Maybe he was cleaning it from a parasite. Id frag a couple of good pieces and surely one piece or 2 would make it.
 
you should camp out at night and watch with a flashlight for snails or some other little monster looking for a late night snack.
that coral looks like it has been eaten... not sure if it was the emerald crab, though.
maybe a nudibranch??
 
you should camp out at night and watch with a flashlight for snails or some other little monster looking for a late night snack.
that coral looks like it has been eaten... not sure if it was the emerald crab, though.
maybe a nudibranch??

+1

i had one and faded fairly soon in a very similar way. it was eaten up by few pest crabs
 
It was tough, but I fragged all the tips that were left with polyps left. I hope some make it. I have 4 wrasses in that tank. I dont think there could be any nudis or bugs in there but you never know... Here is list

Paracheilinus carpenteri
Paracheilinus lineopunctatus
Halichoeres melanurus
Macropharyngodon negrosensis
 
I'm thinking a snail that emerges at night when the wrasses are cuccooned somewhere..
if its a crab, the wrasses won't do much either..
 
I had a colony that was pretty sensitive to flow, just a little bit less than optimal and it would decline like that.
 
In my experience judging by the amount of connective tissue loss between polyps (you can see skeleton between the polyps even at the tips) I would say it is too far gone.

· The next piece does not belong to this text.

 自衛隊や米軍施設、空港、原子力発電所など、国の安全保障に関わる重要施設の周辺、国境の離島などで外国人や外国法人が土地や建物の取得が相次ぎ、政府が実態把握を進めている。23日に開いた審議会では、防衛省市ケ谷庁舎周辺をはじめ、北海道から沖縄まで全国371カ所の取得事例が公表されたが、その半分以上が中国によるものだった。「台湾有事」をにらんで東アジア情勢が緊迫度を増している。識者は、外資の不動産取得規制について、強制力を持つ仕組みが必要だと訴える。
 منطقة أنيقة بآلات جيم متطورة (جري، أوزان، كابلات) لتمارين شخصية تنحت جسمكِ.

Hope I'm wrong, Good luck.
 
I suspect water quality/chemistry issues. I think the crab was being opportunistic and taking advantage of the film algae that was collecting along with the dying tissue that was receding/sluffing off/polyps bailing out. Sounds like a nice salad if I were a crab..

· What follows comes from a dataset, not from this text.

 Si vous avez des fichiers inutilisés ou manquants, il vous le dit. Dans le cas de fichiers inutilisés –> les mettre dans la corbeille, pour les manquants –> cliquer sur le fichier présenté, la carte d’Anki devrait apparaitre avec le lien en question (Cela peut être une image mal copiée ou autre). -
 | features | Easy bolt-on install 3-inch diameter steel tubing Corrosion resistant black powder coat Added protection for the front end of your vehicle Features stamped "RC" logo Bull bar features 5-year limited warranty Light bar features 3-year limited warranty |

My first suspect is alkalinity. It appears that it was not stable and/or allowed to deviate to low..

My next suspect would be phosphates. Stopping the calcification process all together for more sensitive stonies. And as mentioned, flow can only compound a bad situation. These guys are in exposed reef flats, and hammered by the strongest reef crest action, as reflected in their form. They are genetically designed for high flow.

IMHO Stylo's are just like frogspawn. Hailed as a beginner coral, yet both are really hit and miss for beginners and experienced alike in terms of 2+ year survival rates.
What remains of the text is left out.